My friend has an identical boat for sale. 19 bayliner trophy walkaround. Its fairly newthough and has an I/O.


----------



## Doghouse

We have looked at a couple Bayliner Trophies in the mid 80's. One had the Force (which I never have liked) and the other is an I/O.

I dont have a problem with the cosmetic. It is the transom/hull/stringer that I am more concerned with.

For the Thompson's, I have heard more than one occassion (from actual owners) the problems with rotted stringers and transom's.


----------



## SalmonSlayer

So a 1984 Trophy 24' would NOT be a good investment? Based on posts here, this would be the time frame to avoid.


----------



## double trouble

its all relitive to what the asking price is and how much work you want to do on the boat and what has been done already.cheap hardware, fabrics , electrical problems,do not nessessarily rule out a boat but be forewarned. i can think of a few other brands that i would rather have in that year vintage.a buddy of mine bought a 25 foot cruisers inc.without trailer in that age range for 10 grand. other than new boots for the drive, the boat has been pretty good. if you can get that bayliner surveyed and buy it for 6 with a trailer, than you might be o.k. look at the big picture. older gas hog boats are a dime a dozen and owners are going to be dumping them this year.make real cheap bids or find the perfect one. low hours one owner who is meticulous with his boat.then you might have to pay more. just don't jump into this bayliner unless its a huge deal and you can have a bunch of cash for repairs squirreled away. good luck . i know how tough a decision it is. i waited almost 2 years till i pulled that trigger myself and i did pretty good.


----------



## Beave

I wouldn't personally buy a boat that old with an outboard, but that's just me. Outboards aren't ideal for big lake trolling in a boat that big to begin with, and fixing them is a lot more difficult. The nice thing with the old Merc and OMC I/O's is that parts are everywhere. If you're mechanically inclined and like a project you can swing a new V8 into one pretty inexpensively compared to the cost of re-powering with a new outboard.

I've been looking at A LOT of Trophies Ben, and plan to buy one sooner or later. PM or email me with questions on the specific boat if you'd like. There's a good chance I've looked at the same boat you are. If you're looking at a Trophy made in that time frame it's probably a solid hull. I'm not really of the opinion Bayliner made bad trophies with the exception of the year or two right before Trophy became it's own company and they were cutting corners to save money.


----------



## Beave

A few other things on Trophies in that time frame:

The 21' Trophy is basically the same boat as the 24'. They took 3' out of the hull between the doghouse and the cockpit area. Everything forward of that is the same. The 4.3L V6 will push the 21' trophy along just fine, it's underpowered on the 24'. 

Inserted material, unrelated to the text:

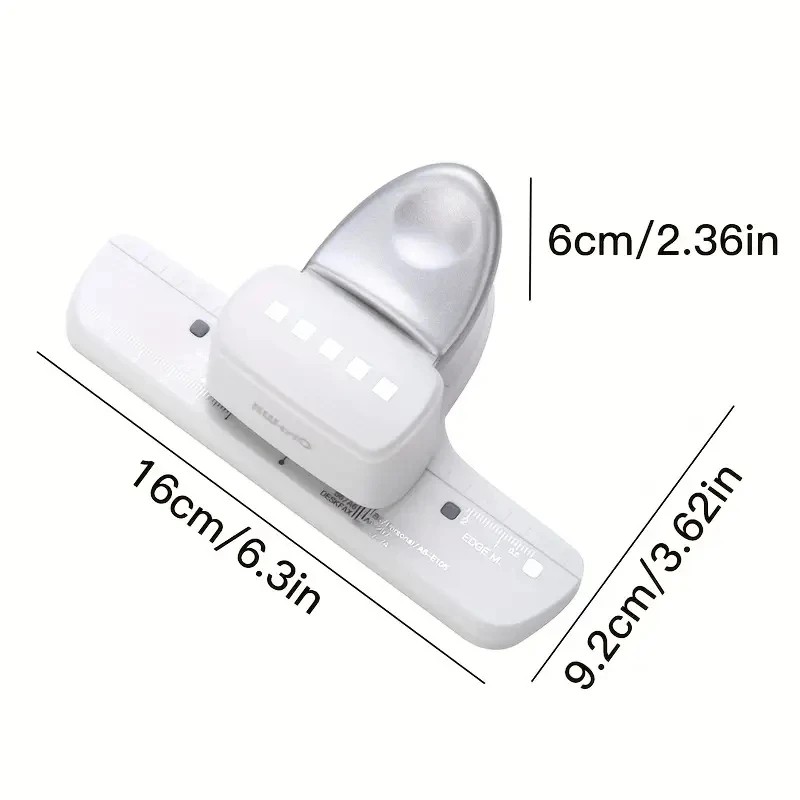 Der manuelle Papierlocher ist ein praktisches Werkzeug, das für das präzise Lochen von Blättern bei der Herstellung von Heften, Planern, Notizbüchern und eigenen Papier-Einlagen konzipiert ist. Dank des stabilen Gehäuses und der Führungsschiene ermöglicht er eine präzise Ausrichtung des Papiers und wiederholtes Lochen ohne Verschiebung. Die kompakten Abmessungen 16 x 9,2 x 6 cm sorgen für eine bequeme Einhandbedienung und Stabilität bei der Arbeit. Die mechanische Ausführung benötigt keinen Strom und ist sofort einsatzbereit, wo immer Sie sind. Das Werkzeug ist sowohl für gewöhnliches Papier als auch für kreative Papiermaterialien geeignet.
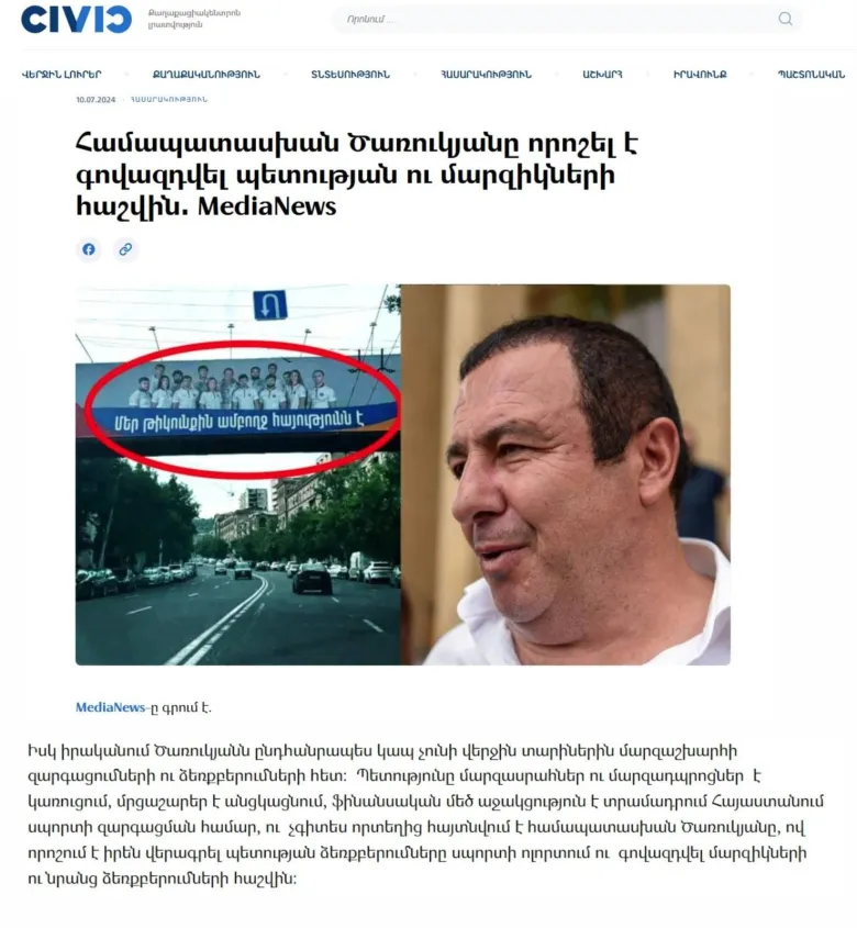2024թ Փարիզի օլիմպիական խաղերը դեռ չմեկնարկած իշխանական լրատվականներից մեկում ` Civic.am-ում հոդված էր գրվել, որտեղ բառացի ասվում էր. «ՀԱՕԿ նախագահ Գագիկ Ծառուկյանը ընդհանրապես կապ չունի վերջին տարիներին մարզաշխարհի զարգացումների ու ձեռքբերումների հետ:Պետությունը մարզասրահներ ու մարզադպրոցներ է կառուցում,մրցաշարեր է անցկացնում, ֆինանսական մեծ աջակցություն է տրամադրում Հայաստանում սպորտի զարգացման համար ու չգիտես որտեղից հայտնվում է Ծառուկյանը ու որոշում է իրեն վերագրել պետության ձեռքբերումները…» :

Hardtops... People love the hardtop but it's not tall enough. If you're taller than 5'3" you'll eventually hit your head on it. Bluebook says the hardtop adds about $1000 to the resale value of the boat, realistically I'd say it's more like $1500-2000. The hardtops fly off the market a lot faster too. I'm neutral on whether or not I want a hardtop. You'll be hard-pressed to find a 24' Trophy with a V8 and a hardtop for under $12,000 if it's in good shape. The only "plus" about a hardtop IMO is that you can mount a rocket launcher and planer reels to the hardtop and don't need a radar arch The softtop with all of the canvas has quite a bit more headroom though, and can be folded down on a nice day. 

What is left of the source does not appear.